Title: | Obtains the Log Likelihood for an Inverse Gamma Stochastic Volatility Model |
Version: | 1.0.0 |
Maintainer: | Blessings Majoni <bmayjay@gmail.com> |
Description: | Computes the log likelihood for an inverse gamma stochastic volatility model using a closed form expression of the likelihood. The details of the computation of this closed form expression are given in Gonzalez and Majoni (2023) http://rcea.org/RePEc/pdf/wp23-11.pdf . The closed form expression is obtained for a stationary inverse gamma stochastic volatility model by marginalising out the volatility. This allows the user to obtain the maximum likelihood estimator for this non linear non Gaussian state space model. In addition, the user can obtain the estimates of the smoothed volatility using the exact smoothing distributions. |
License: | MIT + file LICENSE |
Imports: | Rcpp (≥ 1.0.10) |
LinkingTo: | Rcpp, RcppArmadillo |
Depends: | R (≥ 2.10) |
Suggests: | knitr, rmarkdown, spelling |
LazyData: | true |
NeedsCompilation: | yes |
Encoding: | UTF-8 |
VignetteBuilder: | knitr, rmarkdown |
RoxygenNote: | 7.2.3 |
Language: | en-US |
Packaged: | 2023-08-18 06:56:39 UTC; bmayj |
Author: | Leon Gonzalez [aut, cph],
Blessings Majoni |
Repository: | CRAN |
Date/Publication: | 2023-08-18 08:32:42 UTC |
Obtains a random draw from the exact posterior of the inverse volatilities.
Description
Obtains a draw from the posterior distribution of the inverse volatilities.
Usage
DrawK0(AllSt, allctil, alogfac, alogfac2, alfac, n, rho, b2, nproc2=2)
Arguments
AllSt |
Some constants obtained from the evaluation of the log likelihood using the function lik_clo |
allctil |
Some constants obtained from the evaluation of the log likelihood using the function lik_clo |
alogfac |
Some constants obtained from the evaluation of the log likelihood using the function lik_clo |
alogfac2 |
Some constants obtained from the evaluation of the log likelihood using the function lik_clo |
alfac |
Some constants obtained from the evaluation of the log likelihood using the function lik_clo |
n |
Degrees of freedom. |
rho |
The parameter for the persistence of volatility. |
b2 |
Level of volatility. |
nproc2 |
The number of processors allocated to the calculations. The default value is set at 2. |
Value
A vector with a random draw from the posterior of the inverse volatilities.
Examples
##example using US inflation Data
data("US_Inf_Data")
Ydep <- as.matrix(US_Inf_Data)
littlerho=0.95
r0=1
rho=diag(r0)*littlerho
p=4
n=4.1
T=nrow(Ydep)
Xdep <- Ydep[p:(T-1),]
if (p>1){
for(lagi in 2:p){
Xdep <- cbind(Xdep, Ydep[(p-lagi+1):(T-lagi),])
}
}
T=nrow(Ydep)
Ydep <- as.matrix(Ydep[(p+1):T,])
T=nrow(Ydep)
unos <- rep(1,T)
Xdep <- cbind(unos, Xdep)
##obtain residuals
bOLS <- solve(t(Xdep) %*% Xdep) %*% t(Xdep) %*% Ydep
Res= Ydep- Xdep %*% bOLS
Res=Res[1:T,1]
b2=solve(t(Res) %*% Res/T)*(1-rho %*% rho)/(n-2)
Res=as.matrix(Res,ncol=1)
##obtain log likelihood
LL1=lik_clo(Res,b2,n,rho)
##obtain smoothed estimates of volatility. First, save the constants from LL1
deg=200
niter=200
AllSt=matrix(unlist(LL1[3]), ncol=1)
allctil=matrix(unlist(LL1[4]),nrow=T, ncol=(deg+1))

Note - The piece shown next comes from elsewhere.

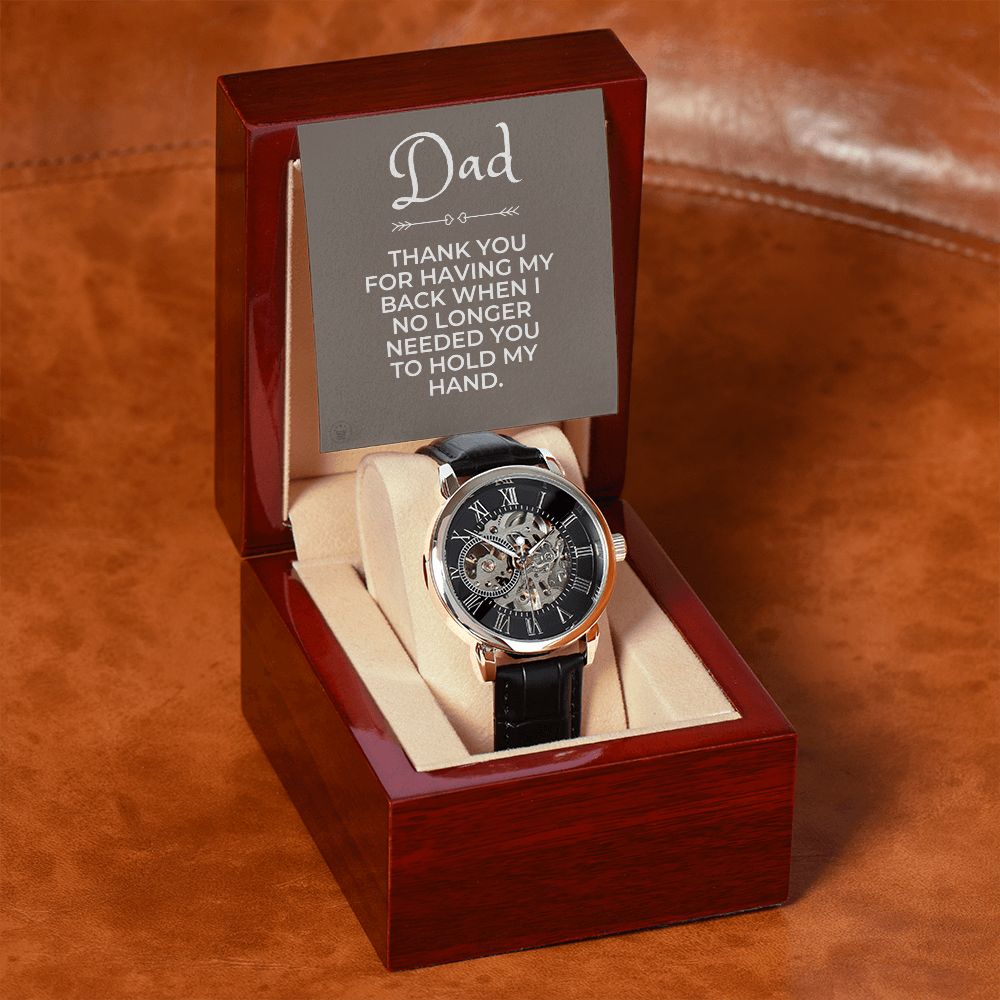 Surprise your dad with a classic design mens watch - a perfect gift for your dad! Our watch has a genuine leather strap and is splash-resistant and automatic making it durable yet stylish. This beautiful watch’s band length is approximately 7.9 inches and can be adjusted to 6.6" - 8.5". This beautiful watch is also one of the best unique birthday gift ideas because it comes in a luxury wooden watch box that features a LED light with a sweet, heartfelt message that will surely make your dad feel loved and appreciated!

donde=(niter>deg)*niter+(deg>=niter)*deg
alogfac=matrix(unlist(LL1[5]),nrow=(deg+1),ncol=(donde+1))
alogfac2=matrix(unlist(LL1[6]), ncol=1)
alfac=matrix(unlist(LL1[7]), ncol=1)
milaK=0
repli=5
keep0=matrix(0,nrow=repli, ncol=1)
for (jj in 1:repli)
{
laK=DrawK0(AllSt,allctil,alogfac, alogfac2, alfac, n, rho, b2, nproc2=2)
milaK=milaK+1/laK*(1/repli)
keep0[jj]=mean(1/laK)/b2
}
ccc=1/b2
fefo=(milaK[1:T])*ccc
##moving average of squared residuals
mRes=matrix(0,nrow=T,ncol=1)
Res2=Res*Res
bandi=5
for (iter in 1:T)
{ low=(iter-bandi)*(iter>bandi)+1*(iter<=bandi)
up=(iter+bandi)*(iter<=(T-bandi))+T*(iter>(T-bandi))
mRes[iter]=mean(Res2[low:up])
}
##plot the results
plot(fefo,type="l", col = "red", xlab="Time",ylab="Volatility Means")
lines(mRes, type="l", col = "blue")
legend("topright", legend = c("Stochastic Volatility", "Squared Residuals"),
col = c("red", "blue"), lty = 1, cex = 0.8)
Data to use in the invgamstochvol package
Description
Contains the inflation data for the US for the period 1960Q1 to 2022Q3
Usage
US_Inf_Data
Format
A data frame with 1 variable and 247 observations.
- V1
Inflation variable
Source
Federal Reserve Bank of St Louis Fred database as the Consumer Price Index (CPI) data to serve as example data
Examples
data(US_Inf_Data) #lazy loading
Package to compute the log likelihood for an inverse gamma stochastic volatility model and to draw from the exact posterior of the inverse volatilities.
Description
This package computes the log likelihood for an inverse gamma stochastic volatility model using a closed form expression of the likelihood.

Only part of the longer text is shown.